ReportMeta describes metadata for a single analyzer's report store entry.

type ReportReader

type ReportReader interface {
	// Meta returns the metadata for this analyzer's report.
	Meta() ReportMeta

	// Kinds returns the list of record kinds stored for this analyzer.
	Kinds() []string

	// Iter calls fn for each raw record of the given kind.
	// Iteration stops early if fn returns a non-nil error.
	Iter(kind string, fn func(raw []byte) error) error

	// Close releases resources. Idempotent.
	Close() error
}

ReportReader streams records for one analyzer. Memory footprint: one decoded record at a time.

type ReportSection

type ReportSection interface {
	// SectionTitle returns the display title (e.g., "COMPLEXITY").
	SectionTitle() string

	// Score returns a 0-1 score, or ScoreInfoOnly for info-only sections.
	Score() float64

	// ScoreLabel returns formatted score (e.g., "8/10" or "Info").
	ScoreLabel() string

	// StatusMessage returns a summary message (e.g., "Good - reasonable complexity").
	StatusMessage() string

	// KeyMetrics returns ordered key metrics for display.
	KeyMetrics() []Metric

	// Distribution returns distribution data for bar charts.
	Distribution() []DistributionItem

	// TopIssues returns the top N issues/items to highlight.
	TopIssues(n int) []Issue

	// AllIssues returns all issues for verbose mode.
	AllIssues() []Issue
}

ReportSection provides a standardized structure for analyzer reports. Analyzers implement this to enable unified rendering.
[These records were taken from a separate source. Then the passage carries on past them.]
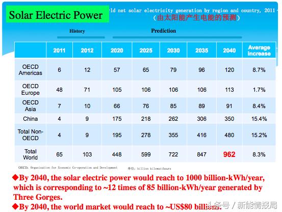 假如我們發(fā)展新能源,首先是太陽(yáng)能,我們來看太陽(yáng)能是什么樣的情況,這里列出的是在世界上不同范圍、不同區(qū)域從2011年到2040年太陽(yáng)能產(chǎn)生電能的預(yù)測(cè)。我們可以看到到2040年,地球上的太陽(yáng)能發(fā)出的電,每年有1萬(wàn)億度電,相當(dāng)于三峽電站發(fā)電量的10—12倍。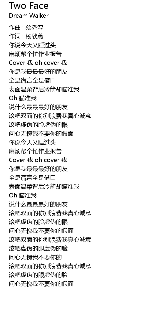 | wèn xīn wú kuì wǒ bú yào nǐ de jiǎ miàn | |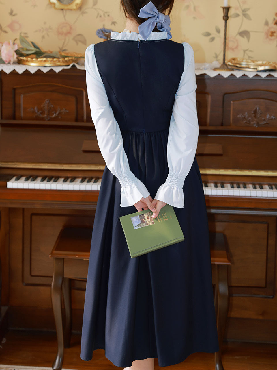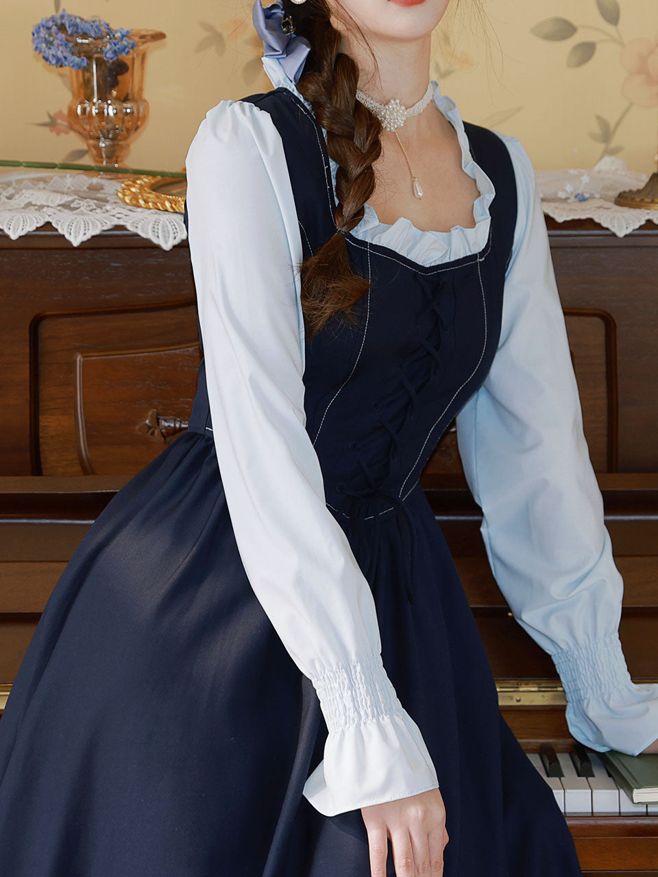 Navy Square Neck Lantern Sleeve Vintage 1950S Dress

type ReportSectionProvider

type ReportSectionProvider interface {
	CreateReportSection(report Report) ReportSection
}

ReportSectionProvider can create a ReportSection from report data. Analyzers implement this to enable executive summary generation.

type ReportStore

type ReportStore interface {
	// Begin starts writing records for the given analyzer.
	Begin(analyzerID string, meta ReportMeta) (ReportWriter, error)

	// Open opens a reader for the given analyzer's stored records.
	Open(analyzerID string) (ReportReader, error)

	// AnalyzerIDs returns the ordered list of analyzer IDs in the store.
	AnalyzerIDs() []string

	// Close releases store-level resources. Idempotent.
	Close() error
}

ReportStore manages per-analyzer report artifacts. Writers and readers are created one at a time; no concurrent access.

type ReportWriter

type ReportWriter interface {
	// Write appends one typed record under the given kind.
	Write(kind string, record any) error

	// Close finalizes the write. After Close, the data is durable.
	// Idempotent: second call is a no-op.
	Close() error
}

ReportWriter appends typed records for one analyzer. Data becomes visible only after Close completes successfully.

type ResultAggregator

type ResultAggregator interface {
	Aggregate(results map[string]Report)
	GetResult() Report
}

ResultAggregator defines the interface for aggregating analyzer results.

type SectionRendererFunc

type SectionRendererFunc func(report Report) ([]plotpage.Section, error)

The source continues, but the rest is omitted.